Kenny Williams

Personal information
- Born: 1972 (age 52–53)
- Nationality: American
- Listed height: 5 ft 10 in (1.78 m)

Career information
- High school: Lyons Township (La Grange, Illinois)
- College: UIC (1990–1994)
- NBA draft: 1994: undrafted
- Playing career: 1997–2007
- Number: 11

Career history
- 1997: Trefl Sopot
- 1998: Porto
- 1998–1999: Trefl Sopot
- 1999: Gravelines
- 2000: Stargard
- 2000: SKK Szczecin
- 2001–2002: Doncel Distributel
- 2007: Cicero Cometas

Career highlights
- Polish League All-Star (1999); Summit League Player of the Year (1994); 3× First-team All-MCC (1992–1994); No. 11 retired by UIC Flames;

= Kenny Williams (basketball, born 1972) =

American basketball player and announcer

Kendall Ovial Williams (born March /April 24, 1972) is an American former professional basketball player and announcer. He played for UIC Flames men's basketball from 1990 to 1994 in the Mid-Continent Conference (now Summit League), earning MCC Men's Basketball Player of the Year in 1994. He played high school basketball at Lyons Township High School. After college, he played in several international leagues, highlighted by a 1999 Polish Basketball League All-Star game appearance.

==High school==
At Lyons High School, Kenny Williams played point guard. He shared the backcourt with John Hornacek, brother of Jeff Hornacek. His 1988-89 junior season Lyons team was mediocre (11-12, 4–6) on February 12. His senior season team commenced with a 9-1 start. He was a 1990 Chicagoland All-area selection by the Chicago Tribune, who received one third-place vote in the Illinois Mr. Basketball voting.

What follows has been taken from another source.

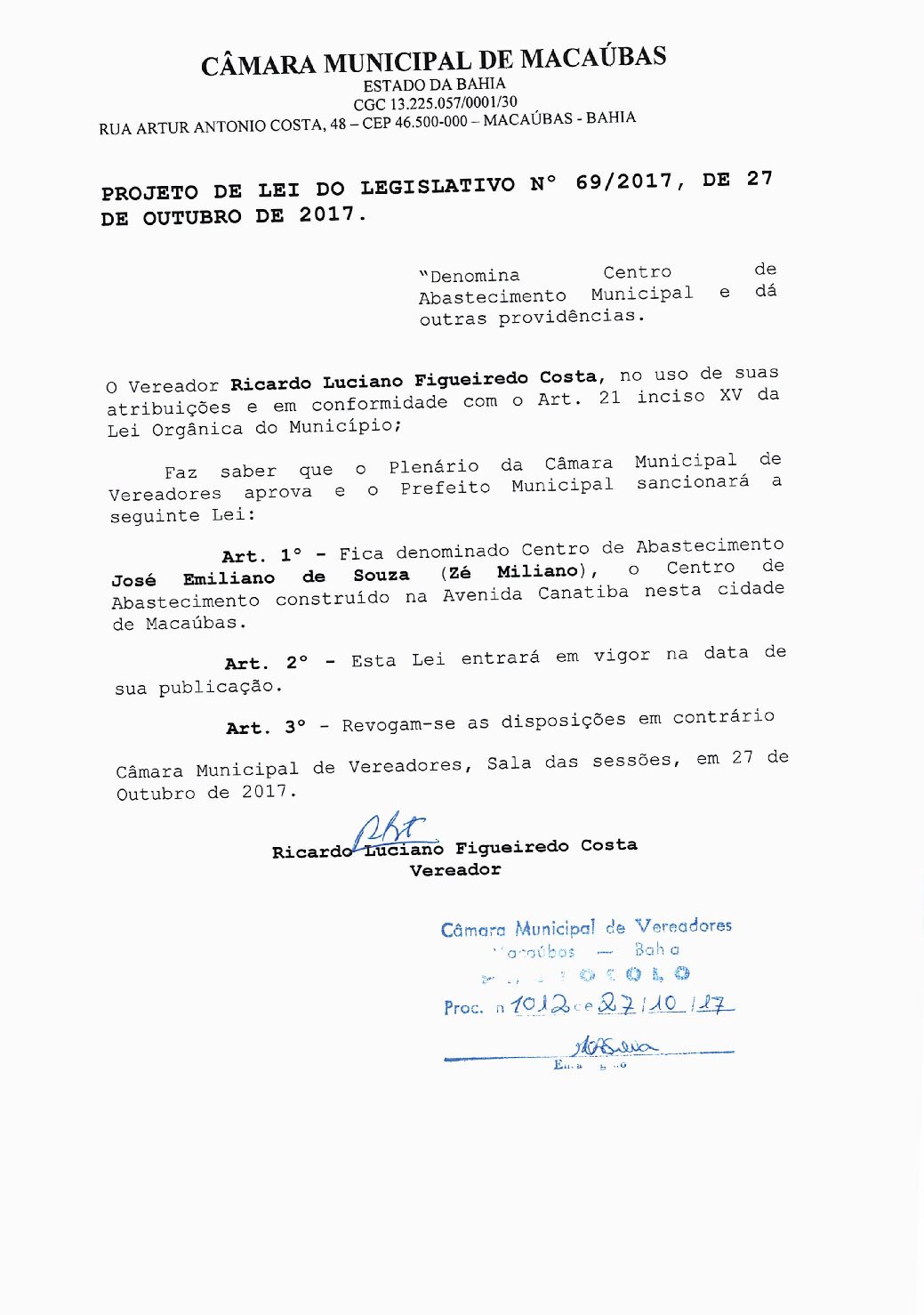 PROJETO DE LEI DO LEGISLATIVO Nº 69/2017 “Denomina Centro de Abastecimento Municipal e dá outras providencias”.

He committed to the University of Illinois Chicago (UIC) in March 1990 after leading Lyons to the West Suburban Silver conference championship.

==College==
On January 22, 1994, Williams became the all-time leading scorer at UIC, surpassing Chuck Lambert totals from his 1971-75 tenure with the team. He was the 1994 Summit League Men's Basketball Player of the Year as well as both a three-time All-Mid-Continent Conference (MCC, now Summit League) First Team selection and a three-time MCC All-Tournament selection (both 1992-1994). For each of his All-conference and All-conference tournament seasons, the Flames finished as runner up in the conference tournament and did not play in any postseason tournaments. Williams was the first UIC Flame to record 2000 career points (2,025) and is the All-time Flames leader in steals with 237. During his junior season, he was second in the MCC in scoring to Bill Edwards (25.2-21.7). As a senior he led the MCC in assists (4.6) and steals (2.5), while trailing only teammate Sherrell Ford in scoring (24.3-21.5). Williams represented UIC and the Summit League at the 1994 NCAA Slam Dunk competition. He was named MCC player of the week once as a sophomore (1/14/92) three times as a junior (1/26/93, 2/16/93, 2/23/93) and twice as a senior (11/28/93 and 2/20/94).

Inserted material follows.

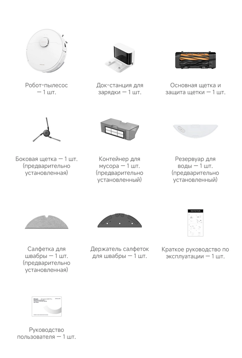 | Комплектация | робот-пылесос - 1 шт., док-станция для зарядки - 1 шт., основная щетка и защита щетки - 1 шт., боковая щетка - 1 шт. (предварительно установленная), контейнер для мусора - 1 шт. (предварительно установленный), резервуар для воды - 1 шт. (предварительно установленный), салфетка для швабры - 1 шт. (предварительно установленная), держатель салфеток для швабры — 1 шт., руководство пользователя - 1 шт., краткое руководство по эксплуатации - 1 шт. | |

He was inducted into the Illinois Basketball Coaches Association Hall of Fame in April 1996 along with Kenny Battle, Rickey Green, and Sonny Parker to name a few. He became the third Flame (Ford and Mark Miller) to have his number retired on February 19, 2016.

==Professional career==
After graduation, Williams tried out for the Chicago Rockers of the Continental Basketball Association, but a wrist injury hampered his 1994 training camp and he was released.

In 1997, Williams initially signed in Spain but later played two games with Trefl Sopot in Poland. He finished the 1997–98 season in Portugal with Porto. In December 1998, Williams re-joined Trefl Sopot and averaged 24.2 points in 22 games. In January 1999, he had a game with 54 points and 14 3-pointers, which set a Polish Basketball League record. In March 1999, he played in the Polish League All-Star Game.

Williams started the 1999–2000 season in France with Gravelines, playing in seven games. He returned to Poland in January 2000 and played one game for Stargard. Williams started the 2000–01 season in Poland with SKK Szczecin but left after six games. In April 2001, he joined Spanish team Doncel Distributel La Serena. He continued with Doncel Distributel in 2001–02.

In 2006, Williams was hired to coach in the American Basketball Association for the Chicago Rockstars.

In 2007, Williams was an inaugural member of the Cicero Cometas in the ABA, a team that played three games before withdrawing from the league.

==Post-playing career==
In 2007, Williams became the Flames' radio analyst for the team's radio broadcasts.